Laporan sementara juga merinci bahwa beberapa negara percaya Pyongyang mungkin mengembangkan perangkat nuklir miniatur agar sesuai dengan hulu ledak rudal balistiknya.
Lebih lanjut, dokumen itu dilaporkan mengungkapkan bahwa banyak negara yang tidak disebutkan namanya di PBB percaya bahwa enam uji coba nuklir Korut telah dikaitkan dengan upaya untuk mengembangkan miniatur perangkat nuklir itu.
Misi Korea Utara untuk Perserikatan Bangsa-Bangsa di New York tidak segera menanggapi permintaan komentar terkait laporan rahasia itu.
Sejak tahun 2016, Korut telah dikenai sanksi AS atas program nuklir dan rudal balistiknya. Sementara Dewan Keamanan terus memperkuat sanksi dalam upaya untuk memotong dana untuk program-program tersebut.
Pemimpin Korut Kim Jong Un dan Presiden AS Donald Trump telah bertemu tiga kali sejak 2018, tetapi pertemuan itu dianggap gagal untuk membuat kemajuan terkait seruan AS agar Pyongyang menyerahkan senjata nuklirnya dan tuntutan Korut untuk mengakhiri sanksi.
Pada Mei 2018, Korut menepati janji dengan meledakkan terowongan di lokasi uji coba nuklir utamanya, Punggye-ri. Menurut Pyongyang, tindakan itu adalah bukti komitmennya untuk mengakhiri pengujian nuklir. Namun Korut mereka tidak mengizinkan para ahli untuk menyaksikan pembongkaran situs.
Laporan AS mengatakan bahwa karena hanya pintu masuk terowongan yang diketahui telah dihancurkan dan tidak ada indikasi pembongkaran yang komprehensif, satu negara telah menilai bahwa dalam waktu tiga bulan Korut dapat membangun kembali dan menginstal ulang infrastruktur yang diperlukan untuk mendukung uji coba nuklir.

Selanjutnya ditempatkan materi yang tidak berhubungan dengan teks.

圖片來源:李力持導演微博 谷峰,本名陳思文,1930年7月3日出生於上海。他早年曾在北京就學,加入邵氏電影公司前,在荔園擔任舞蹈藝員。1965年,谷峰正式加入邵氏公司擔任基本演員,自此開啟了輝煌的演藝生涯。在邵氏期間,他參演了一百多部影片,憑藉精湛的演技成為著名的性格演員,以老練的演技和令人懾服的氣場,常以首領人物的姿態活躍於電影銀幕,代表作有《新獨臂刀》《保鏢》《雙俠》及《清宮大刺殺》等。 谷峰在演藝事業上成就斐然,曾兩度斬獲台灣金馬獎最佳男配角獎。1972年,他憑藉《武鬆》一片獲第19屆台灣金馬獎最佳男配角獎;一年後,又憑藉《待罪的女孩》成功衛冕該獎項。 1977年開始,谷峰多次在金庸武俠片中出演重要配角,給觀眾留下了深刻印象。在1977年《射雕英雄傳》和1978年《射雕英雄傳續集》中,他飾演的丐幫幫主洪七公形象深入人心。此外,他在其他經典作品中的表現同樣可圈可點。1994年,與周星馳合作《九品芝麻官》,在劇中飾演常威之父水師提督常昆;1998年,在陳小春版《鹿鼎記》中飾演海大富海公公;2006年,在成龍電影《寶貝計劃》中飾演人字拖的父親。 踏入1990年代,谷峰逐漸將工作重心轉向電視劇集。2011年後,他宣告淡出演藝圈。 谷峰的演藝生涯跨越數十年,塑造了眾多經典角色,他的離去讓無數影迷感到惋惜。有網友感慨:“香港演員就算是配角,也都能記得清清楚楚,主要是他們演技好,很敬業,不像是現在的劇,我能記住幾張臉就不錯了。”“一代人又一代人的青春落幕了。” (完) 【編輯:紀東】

Mengutip Sputnik, minggu lalu, Kim Jong Un menegaskan bahwa senjata nuklir berfungsi sebagai pencegah yang ‘dapat diandalkan, efektif’ terhadap ‘tekanan intensitas tinggi dan ancaman militer dan pemerasan oleh kaum reaksioner imperialistik dan pasukan musuh.’

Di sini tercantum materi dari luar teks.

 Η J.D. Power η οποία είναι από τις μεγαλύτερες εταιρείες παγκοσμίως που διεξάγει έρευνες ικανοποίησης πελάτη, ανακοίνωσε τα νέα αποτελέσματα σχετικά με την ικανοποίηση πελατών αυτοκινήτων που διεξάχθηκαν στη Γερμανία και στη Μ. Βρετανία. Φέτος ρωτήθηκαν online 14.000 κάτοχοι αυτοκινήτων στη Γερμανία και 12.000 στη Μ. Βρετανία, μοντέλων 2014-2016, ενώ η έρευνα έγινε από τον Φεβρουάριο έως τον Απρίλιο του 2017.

Namun, laporan PBB merinci bahwa Korut tidak berhenti pada pengembangan nuklir dan terus melanggar sanksi ‘melalui ekspor batubara maritim ilegal, meskipun Korut menghentikan sementara ini antara akhir Januari dan awal Maret 2020.’
Para pakar PBB kemudian menuduh Pyongyang atas serangan siber yang terus menerus dan inisiatif kriminal online.
“Panel terus menilai bahwa penyedia layanan aset virtual akan terus tetap menjadi target yang menguntungkan bagi Republik Rakyat Demokratik Korea untuk menghasilkan pendapatan, serta menambang cryptocurrency,” tulis laporan itu.
Laporan para ahli muncul beberapa minggu setelah Jepang merilis buku putih pertahanan tahunannya, yang tidak hanya menyatakan bahwa Beijing adalah ancaman berkelanjutan bagi negara kepulauan itu, tetapi juga bahwa Pyongyang merupakan ‘ancaman besar dan segera bagi keamanan Jepang.’
Buku putih itu merinci bahwa Korut telah membuat langkah maju dalam teknologi rudal balistiknya dengan ‘kecepatan yang sangat cepat’ dan dapat menggunakan rudal balistik lintasan rendah untuk mengirimkan senjata nuklir ke Jepang.